I wondered about my mother. I wondered what it had been like to grow up as Grandma Sylvia’s daughter, what glasses might have shattered on that floor. The transition from forest fighter to housewife was perhaps only a smooth one in retrospect. I wondered what my mother hadn’t told me about growing up in that house, what things she had left out of her stories.
One of the things I had never told my mother was that I decided to find my father when I was living in New York. I had never told anyone, except Katya in one desperate letter sent after the fact. But since then, I had tried to contain it and keep it from spreading by not even thinking about it myself, as though it were a disease under quarantine.
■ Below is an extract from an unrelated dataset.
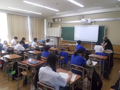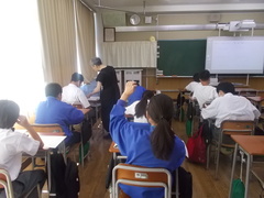 先週、定期考査で出題した文字式の計算の復習から入っています。6問で3分間です。解く手順がわかっていれば、だんだんと式の形を変えて答えにしていけるのですが、身についていたでしょうか。先生も個別に教えてくれています。数学の文字式の手順は、これからの方程式などこれからの数学で必要な、とても大切なものです。必ず復習して身につけましょう。

All these years, I had just sort of grown around it, the way skin will swallow up a splinter of glass.
It was the second winter I was in New York alone, and graduate school was already beginning to seem like a pointless exercise in pretension and one-upmanship. The loss of Vera seemed very final. My life was deeply hollow. I had been dating a girl named Crystal, but we had broken up and I was on a crash diet. Wrestling had done that to me, given me the bug of bulking up then starving myself to my lowest weight. That winter I survived on a diet of frozen chicken tenders, bowls of broth and hot sauce, and extra-large Diet Cokes. I knew my father was an actor. I thought maybe there was a chance he lived in New York. Most actors did, either there or LA. It was only because I was alone in the apartment too much that I even started thinking about it, decided to look him up. He had a pretty unusual last name, and when I looked in the white pages online, there were only five listings, and one of them was for an R.